Performance Management is a subtle art. Managing a business or managing an employee is easier than managing the performance of employees as whole. Performance is less tangible to perceive. We measure it in terms of success or failure.

Evaluating the performance of an achiever is a pleasure. In the case of a failing employee, the assessment turns out to be a futile post mortem report. If prevention is better than cure, we need a preventive strategy for performance management. A combination of five effective steps can provide this preventive strategy.

1. Agreement, Not Imposition                                            

Responsibility cannot be thrust on any person. We must explain the situation. We should present our ideas. After a discussion, we must motivate, convince and win the willingness and agreement of the persons who accept the responsibility.

2. Challenge, Not Burden

Very often work is considered as burden. Additional work is conceived as additional burden. New work is treated as new burden. Something must be done to remove this burden perception. Every work must be projected as challenge.
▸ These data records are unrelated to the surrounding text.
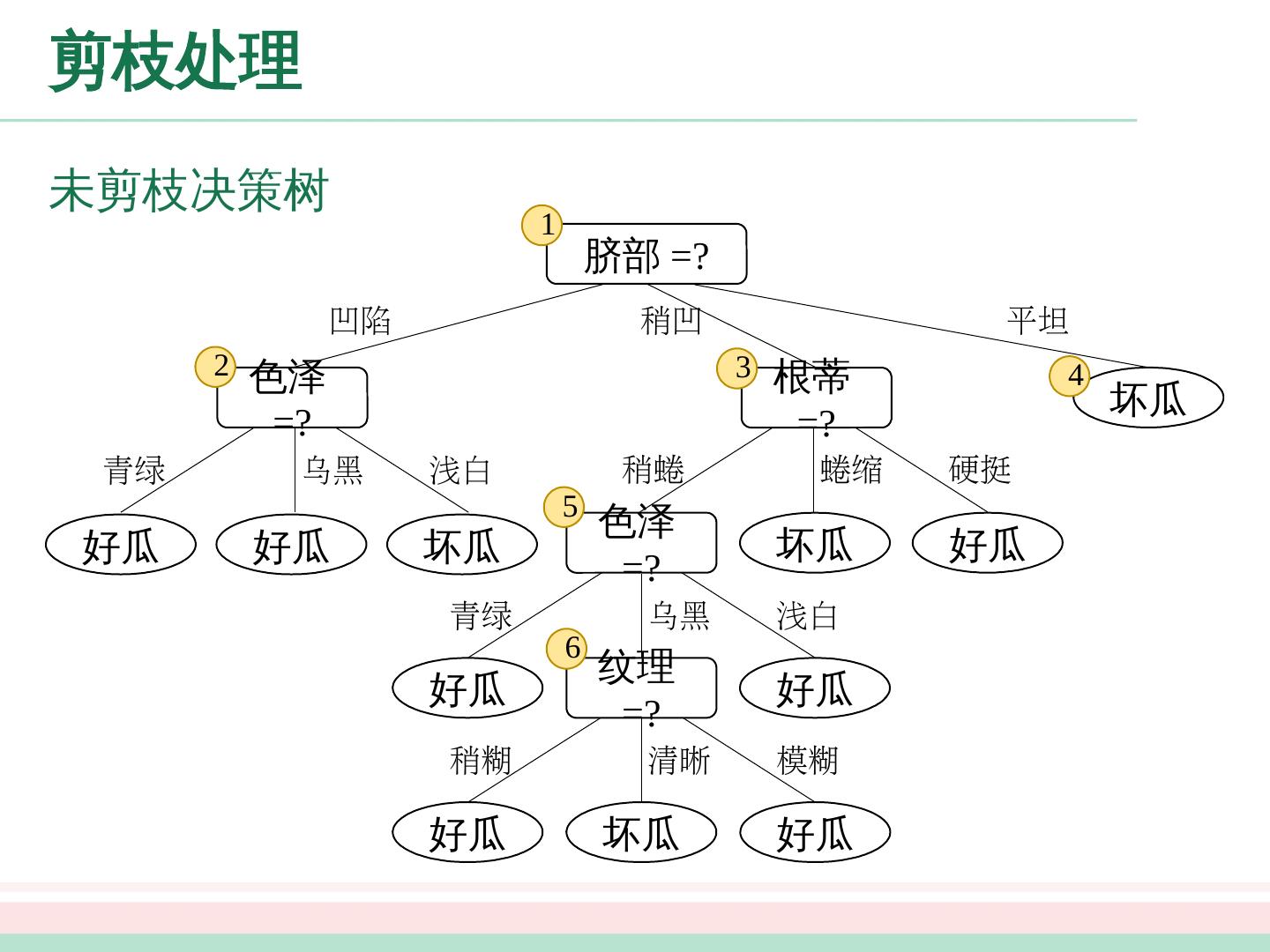 21 .剪枝处理 未剪枝决策树 好瓜 坏瓜 好瓜 清晰 纹理 =? 模糊 稍糊 好瓜 好瓜 乌黑 浅白 青绿 色泽 =? 坏 瓜 好瓜 蜷缩 硬挺 稍蜷 根蒂 =? 好瓜 坏瓜 好瓜 乌黑 浅白 青绿 色泽 =? 坏 瓜 脐部 =? 平坦 稍凹 凹陷 1 2 3 4 5 6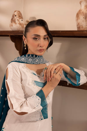 Cotton Chikkankari shirt featuring with organza applique work on the boarders meticulously crafted with intricate embroidery, adorned with delicate pearls and playful tussles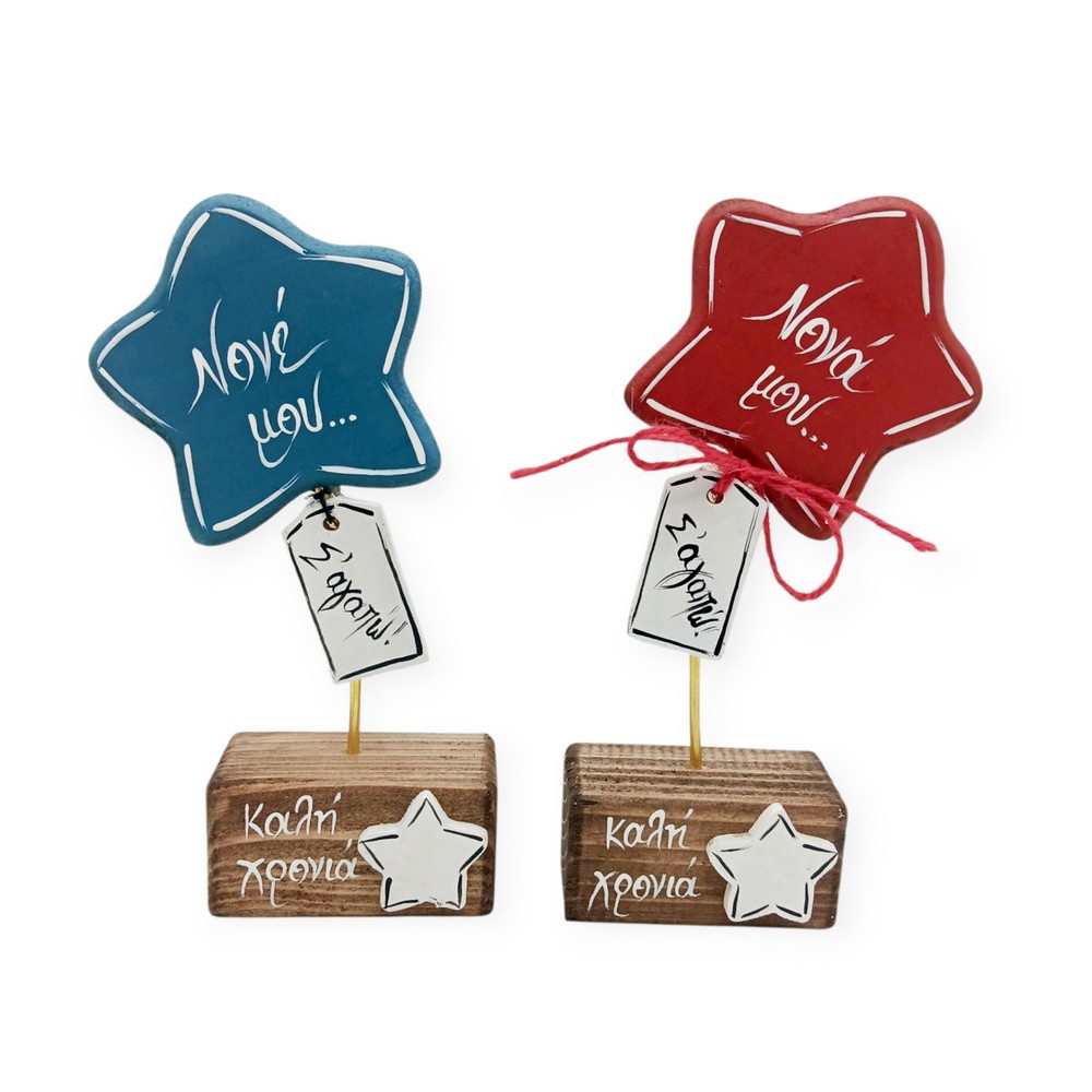 Γούρι Ξύλινο Αστεράκι 2026 «Νονά μου» ή «Νονέ μου» με βάση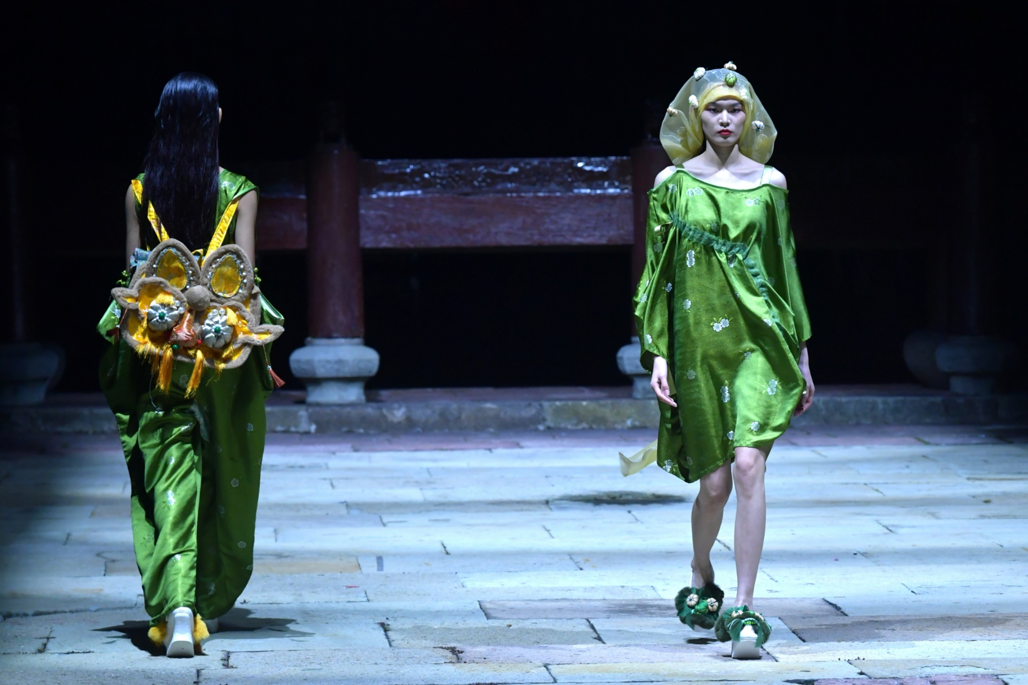 “我們組設(shè)計(jì)的主題是中國(guó)錦緞,融入了虎頭鞋、云肩珍珠、中國(guó)結(jié)等非遺元素。”浙江紡織服裝職業(yè)技術(shù)學(xué)院服裝設(shè)計(jì)專業(yè)大三學(xué)生張?zhí)K婷表示,“我們還和英國(guó)留學(xué)生一起縫制了虎頭鞋、虎頭帽和中國(guó)結(jié)背包,這也是我們這次展出的亮點(diǎn)。”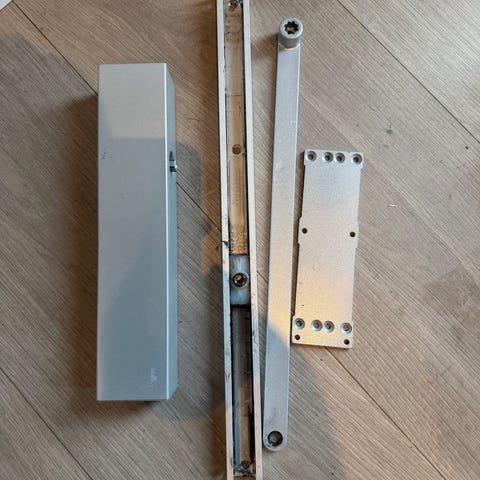Dørpumpe i metall, sølvfarget utførelse. Mekanisk dørpumpe med arm og justeringshjul på fronten for regulering av lukkehastighet. Egnet for montering på innvendige eller utvendige dører der man ønsker kontrollert lukking av døren. Merke og nøyaktig modell er ikke spesifisert.
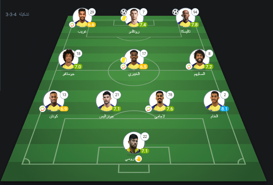 تقييم لاعبي النصر بعد الفوز على الطائي في دوري روشن السعودي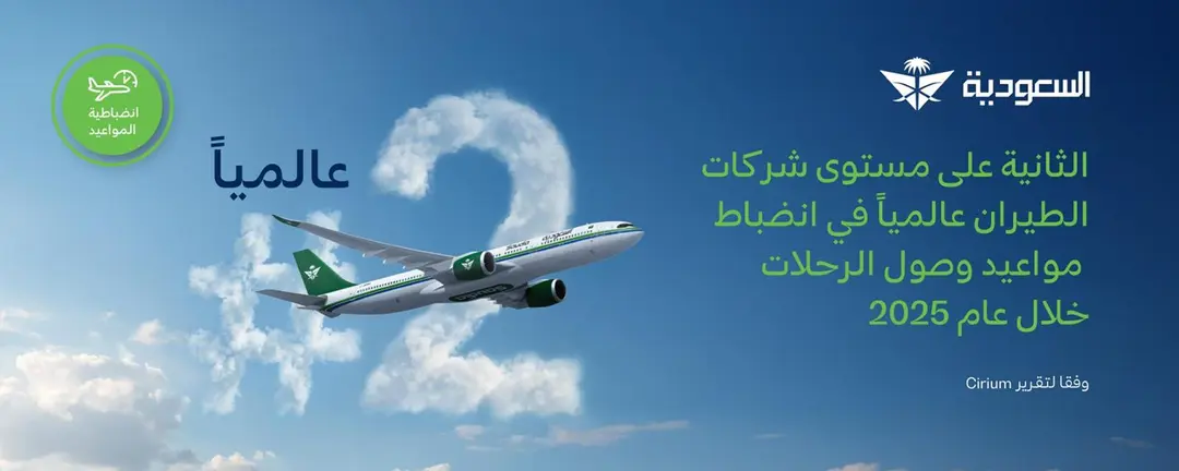 حققت الخطوط السعودية المركز الثاني عالميًا في انضباط مواعيد وصول الرحلات لعام 2025 من واقع تقرير موقع Cirium المتخصص في رصد عمليات وأداء شركات الطيران والمطارات للمرة الثانية على التوالي، الذي أشار إلى تسجيل نسبة (86.53%) لرحلات الوصول لإجمالي (202.8) ألف رحلة عبر شبكتها التي تغطي أكثر من مئة وجهة في أربع قارات.

Without this sugar coating of challenge, work becomes a bitter pill.

Human mind basically craves for thrills, excitement and challenges. Usually, employees search for this thrill outside their workplace. If the workplace itself provides the excitement, work becomes a pleasure. In such an environment, achievement can be almost guaranteed.

3. Bridging the Communication Gap                    

Communication experts have listed many problems as barriers to communication. These communication barriers also become performance barriers. Speaker says one thing and the listener understands something else. The writer means one thing but the reader understands something else.

William Empson has written a book called The Seven Types of Ambiguity. It means that seven types of misunderstandings are possible in human communication. So, the goal or task must be stated specifically and clearly. Vagueness will create problems on both sides.

4. Facilities       

Empty handed, nobody can achieve anything. Resources are necessary. It may be human resources or material sources. Advance provision of money for expenses is necessary. Sufficient number of assistants must be provided. Necessary equipment also must be arranged.

5. Empowerment

Performance management is not a spoon-feeding activity. It deals with grown up persons and mature persons. They do not need physical escort for each and every development. What they need is a guided empowerment. They should not be forced to wait for each and every transaction. To a certain extent, they must decide independently and intelligently to proceed in the right direction.

Thus, agreement, challenge, clarity, facility and empowerment will produce an advance strategy for assured success in Performance Management.